Statistics
Analyse your testing data
Flakiness Analysis
To specifically quantify the flakiness score in tests, you want to focus on how often the test fluctuates between passing and failing (i.e., where a test intermittently passes and fails without any apparent changes in the underlying code or environment).
So, to quantify a flaky test the following definitions:
-
Fluctuations occur when a test result alternates between pass and fail in successive executions.
-
The more frequent these alternations, the more “flaky” the test is considered to be.
So, when extracting data from the database in a time-dependent manner, for each test, track the sequence of test outcomes(i.e. pass/fail history) over a period of time.
Example of a Test Sequences:
-
Test A: Pass, Fail, Pass, Pass, Fail, Pass → This shows fluctuations. (flaky)
-
Test B: Pass, Pass, Pass → No fluctuations. (not flaky)
-
Test C: Fail, Fail, Fail → Also no fluctuations, though it has a consistent failure. (not flaky)
Calculating Flakiness Score
-
Track the status changes in a particular test within that test suite.

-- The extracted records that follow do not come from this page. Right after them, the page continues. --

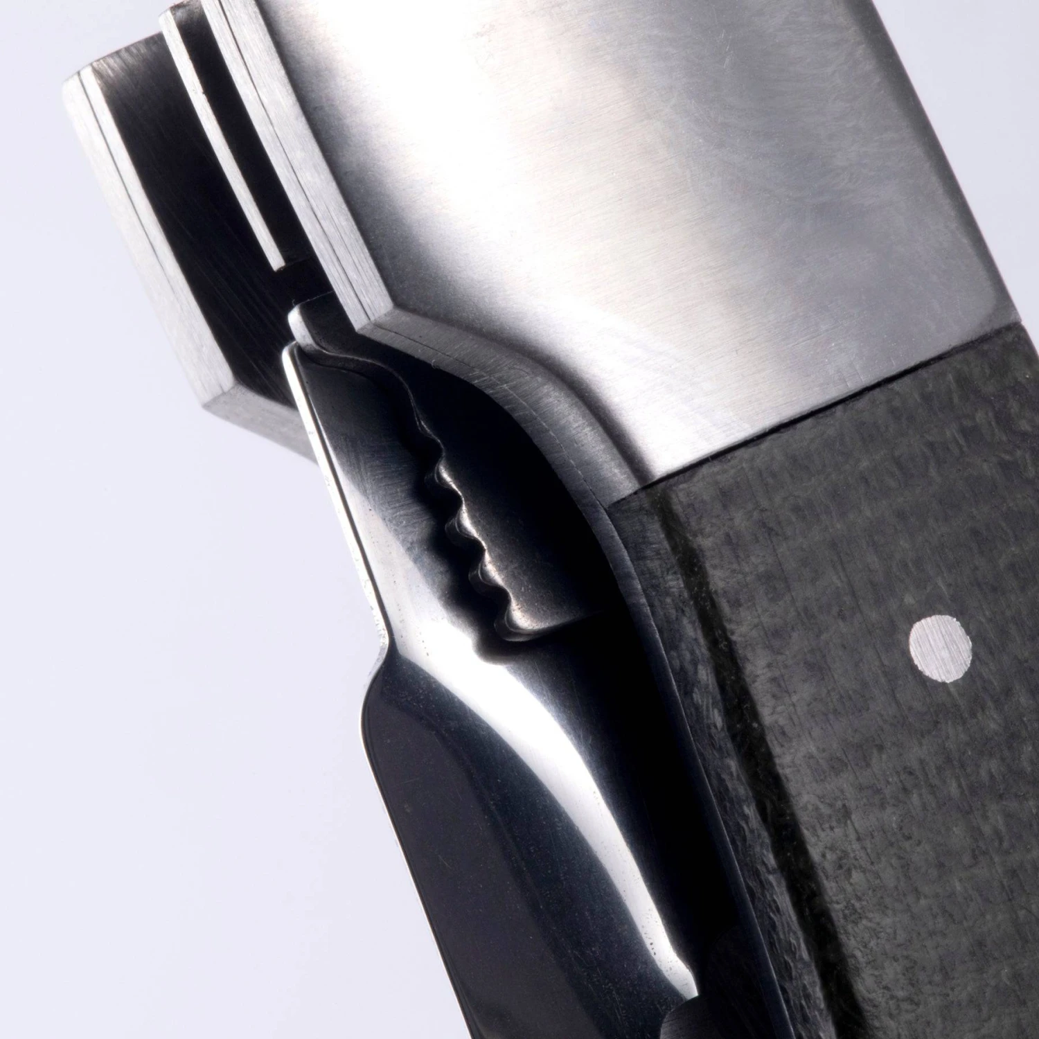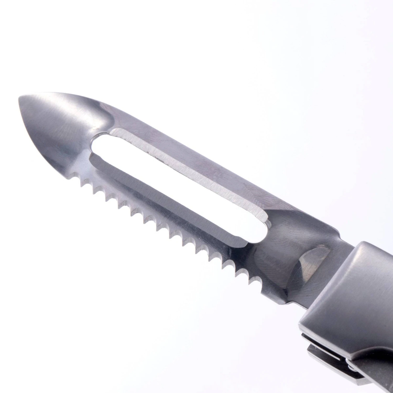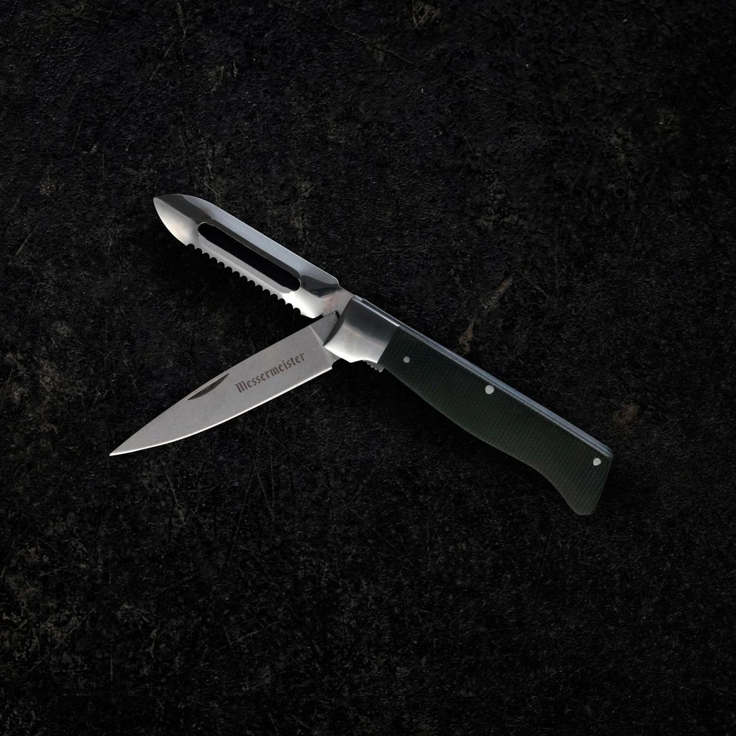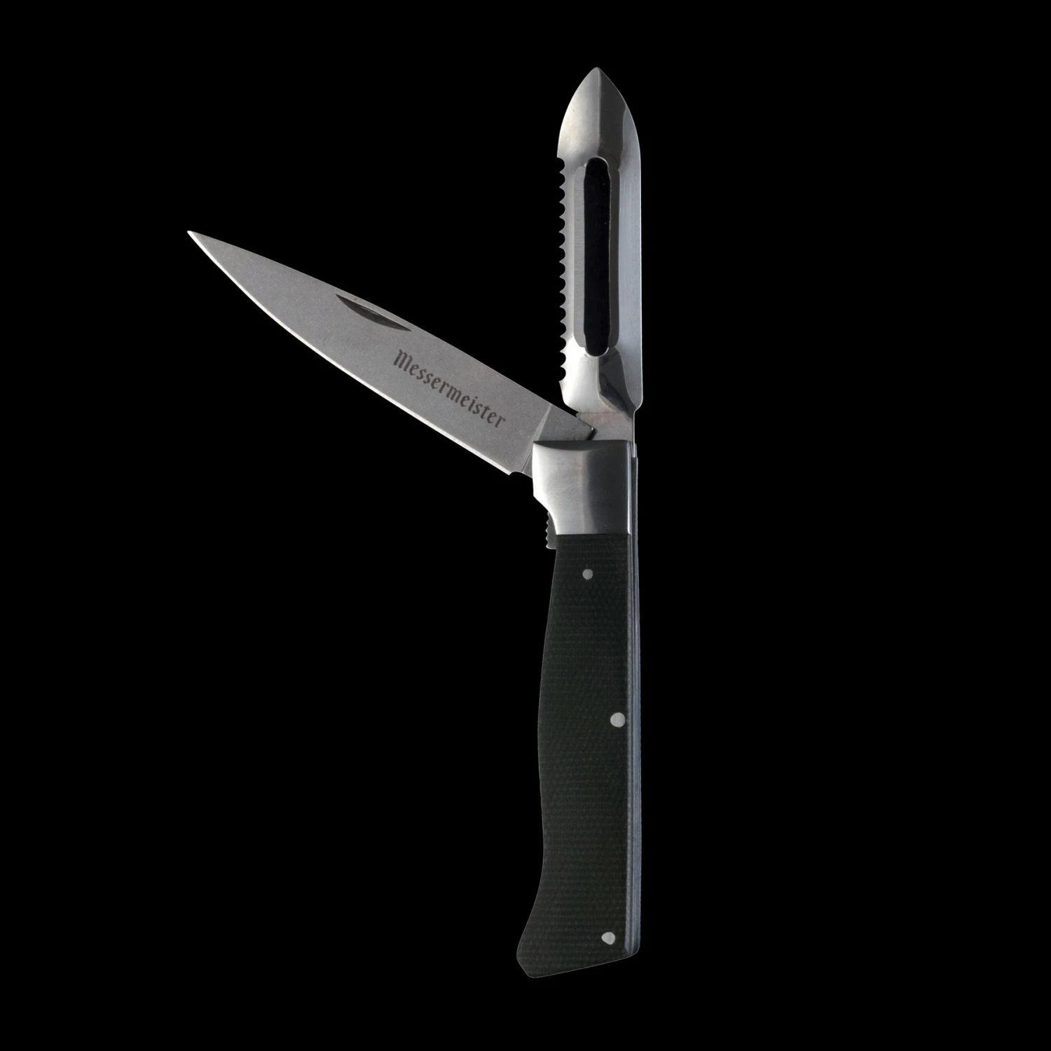 For small tasks, we combined a paring knife with a peeler and even snuck in a fish scaler. It’s the perfect prep tool for the camp kitchen or RV. The drop point paring blade is 3.5 inches long. The blade is held in place when open by a standard non-locking slip joint mechanism. The double-action peeler locks in place when open so it can be used either right or left-handed.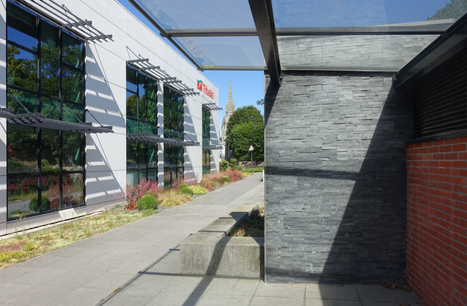 La restructuration a permis de redessiner complètement la partie accueil de la société située dans un virage et collée à la voie. Ainsi, un véritable trottoir a pu être créé et un hall d’accès courbé épousant la rue marque à présent l’entrée de l’entreprise.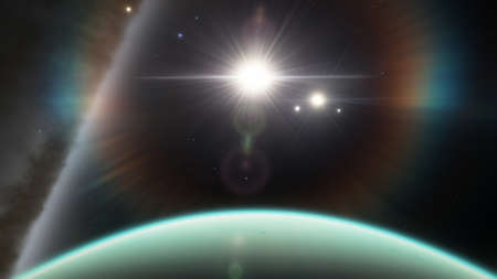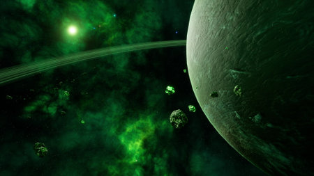 science fiction wallpaper, cosmic landscape, realistic exoplanet, beautiful alien planet in far space, detailed planet surface 3d render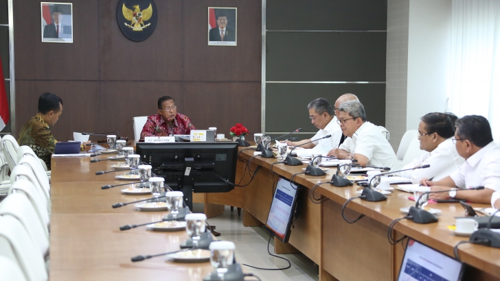 Jakarta (7/10) -- Plt Menko PMK, Darmin Nasution melakukan rapat internal bersama Pejabat Eselon I Kemenko PMK membahas perkembangan program bantuan sosial dan juga rencana penyelenggaraan Pekan Olahraga Nasional (PON) dan Pekan Paralimpik Nasional (Papernas) 2020.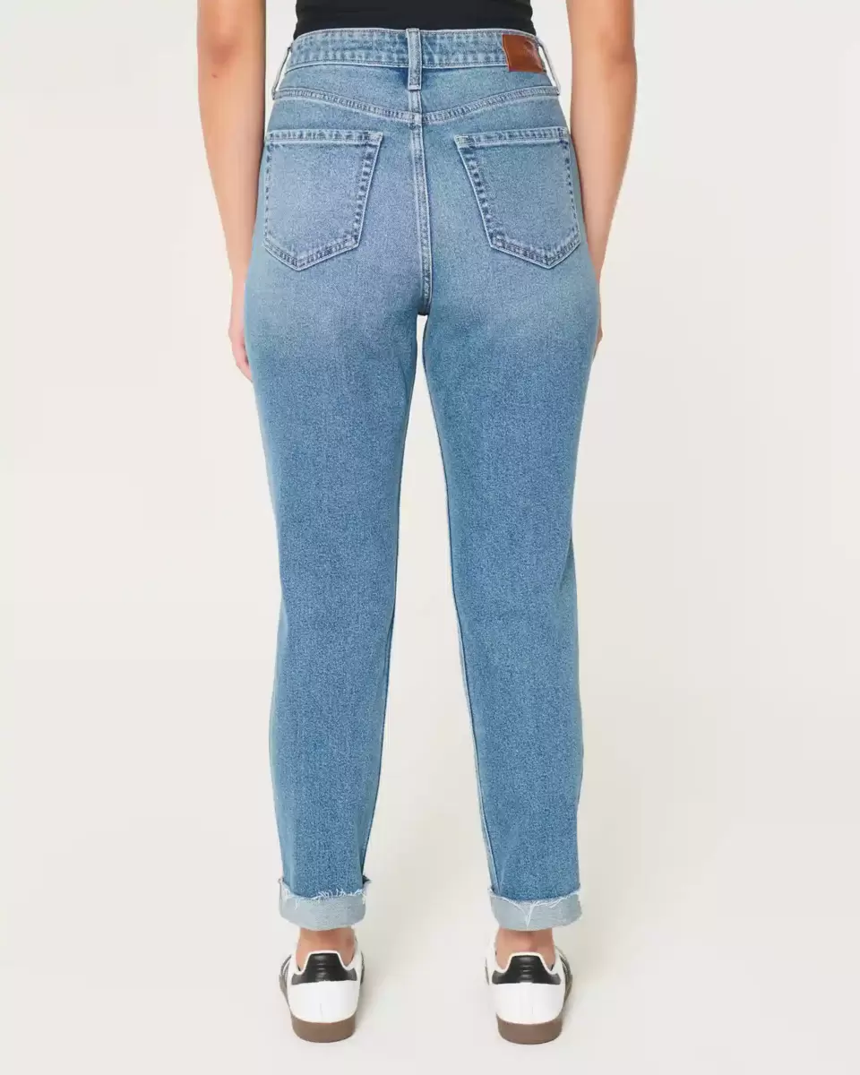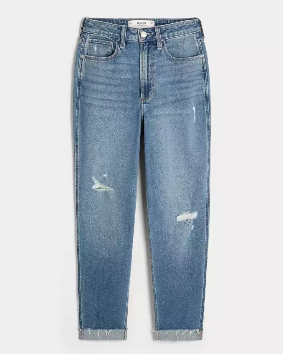 Designed with a relaxed leg and an ultra high-rise waist with fading, whiskering and ripped details. Cuffed hems, ultra-comfortable Vintage Stretch denim in a medium wash. Imported.

For example,
-
First Run: Pass
-
Second Run: Fail
-
Third Run: Pass
-
Fourth Run: Pass
-
-
The total number of status changes is 2
-
The flakiness score is calculated as:
Flakiness Score = Number of fluctuations / (Total Runs−1 )
So in this example,
Flakiness score = (2 / (4 - 1)) * 100 = 66%
This means the test has a 66% flakiness index, indicating significant volatility in its behaviour.
The severity of the volatility is defined by the below table:
Flakiness Score Range | Severity | Colour |
---|---|---|
More than 75 | Critical | Red |
less than 75 | Concerning | Orange |
less than 50 | Moderate | Yellow |
less than 25 | Stable | Green |
less than 0 | No Flaky Tests | No Flaky Tests |